Americans who turn up in the emergency room to get dental care aren’t lost, they’re probably just running out of options.
According to a new report from the Pew Center on the States, more than 800,000 visits to the ER in 2009 were for toothaches and other avoidable dental ailments.
“People showing up at emergency rooms for dental is really your sign that your system is breaking down,” Shelly Gehshan, director for the Pew Center’s Children’s Dental Campaign says. “It’s just not serving enough people. This is your symptom of a system in crisis.”
During times of economic crisis, state Medicaid programs often target dental benefits as their first budgetary cut, pushing low-income patients from the dentist office to the emergency room. But the shift from Medicaid reimbursements to hospitals is still costly to states. Dental groups have long since said that ERs only provide temporary relief for dental emergencies and lead to reoccurring hospital visits, which burden taxpayers. “We’re spending in the worst possible way,” Gehshan says.
For example the report shows that in 2002 Maryland had a 12 percent increase in the rate of ER dental visits once the state stopped Medicaid reimbursements for private practice dentists treating adult emergencies. Florida reported more than 115,000 dental-related ER visits in 2010, and in Oregon a 31 percent hike of ER cases among Medicaid enrollees over a three-year-period.

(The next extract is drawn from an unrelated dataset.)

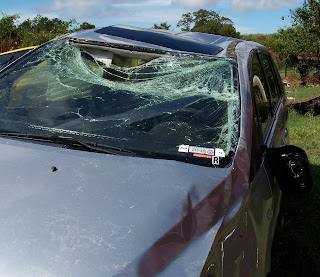 I have been having some really bad migraines, to the point where my pcp referred me to a neurologist, and sent me for an MRI. My migraines were getting so bad that I was taking so much medication that it was really messing with me, I was having memory issues, and sleepwalking all kinds of odd stuff, and then I had my car wreck. Yeah it was bad, and frankly I shouldn't be here typing this post, I rolled my car 4 times and hit a telephone pole, but my airbag didn't go off. Had it, my head would have been smashed like a pumpkin. I was actually swerving to avoid a deer, and ended up in a soybean field. There was a car in front of me who had seen everything, and she got out of her car and told me she had called 911 and that we had to get Lauryn out of the car. We tried to pull her door open, but it just wouldn't give, so we ran around, turned off the car, and opened the back passenger door. I got Lauryn out of her car seat, out of the car, wrapped my arms around her and sank to the ground bawling that she was ok. I on the other hand was not I had cuts all over my legs and arms from the windshield shattering, and the seat belt literally gave me a "road rash". They forced me to give Lauryn up and go lay on the road because I had a HUGE bump on my forehead, and the lady said she thought I probably had a concussion, so she wanted me to lay down until the ambulance got there. Ambulance comes, you know the drill.... back board all that fun shit, I had to call a friend to come up and get Lauryn so that she didn't have to go to the hospital with me (she was totally unharmed BTW, Thank God for Britax Car seats!!!), but I don't remember any of it honestly the last thing I remember is the part about getting Lauryn out of the car and being laid down on the road, everything after that.... fuzzy. I was in shock. So get cat scan slight concussion, here are some pain meds... yummy!!! :o) Then in comes the trooper to ask me what happened, I told him all I could tell him was I swerved to miss a deer, and that I remember the car rolling, and what I wrote above but that that was it. So, this Jackwagon asks me if I had had anything to drink before I left the house that morning, I told him yeah coffee, wasn't that what was all over the inside of my car. Then he asks if I was on drugs, I told him that I take medication for my migraines, but on mornings when I drop Lauryn off at preschool, I wait to take them til after I get home because of any possible effect they may have. Well about that time Keith shows up, the Trooper, pulls him out in the hall, tells him I was speeding, and that people smelled alcohol on my breath, and that my best friend had told him that I was on drugs (she was the one they released Lauryn to) and that I better pray that my tox screen comes back with only the meds the doc prescribed or he is going to get me for DUI..... whatever, I don't even drink, and I hadn't taken my meds that morning so it came back clean. I think he was actually pissed that it did, because he got in my face and asked me what I had learned for this experience, and I looked him square in the face and told him "Next time Bambi's ass is fucking Mine!!" The nurse that was checking my IV almost pissed her pants to keep from laughing. I had no cares by then due to all the drugs they had pumped into me, and he was being a jerk off anyway, so whatever. He actually gave me a ticket to, get this for "Failing to maintain my lane." Ya think dumb ass?? I totaled my car, almost got killed, and you just HAD to give me a ticket.... It got dismissed by the DA last week after I told her what had happened. He was just being a douche buy giving me a ticket because I wasn't letting him get away with the even mere suggestion that I would drink, or do any kind of drugs for that matter when I had to drive my baby girl to school. Here are some pics for you to see.....

Access to dental care is also creating the surge in ER visits. Safety-net facilities like community health centers are losing federal dollars and are unable to provide comprehensive dental care. The report suggests several steps to alleviate this problem. “States committed to serving more low-income people should ensure their Medicaid reimbursement rates are high enough to cover the cost of care,” the report notes. Gehshan says that 90 percent of dental care in the U.S. is done by private practitioners and the majority of them don’t accept Medicaid.
Another strategy includes implementing ‘dental therapists’ or providers that are similar to nurse practitioners in the medical field. According to the report, dental therapists would be supervised by dentists and “could perform some services offered by dentists, including both preventive and restorative (e.g., filling cavities) care.” Minnesota and some Native American Alaskan tribes are already using these professionals.
But the American Dental Association, which released a statement on Tuesday agreeing with much of Pew’s report, opposes the idea of expanding dental therapists in the U.S. The dental association challenges Pew’s projections of a decreasing supply of trained dentists and notes that relegating patients to “so-called ‘midlevel dental providers’ is wrongheaded.” The ADA cites the Journal of Dental Education’s 2009 report that “both the ratio of dentists to population and the net number of dentists will increase, not decrease, contrary to what the Pew report states.”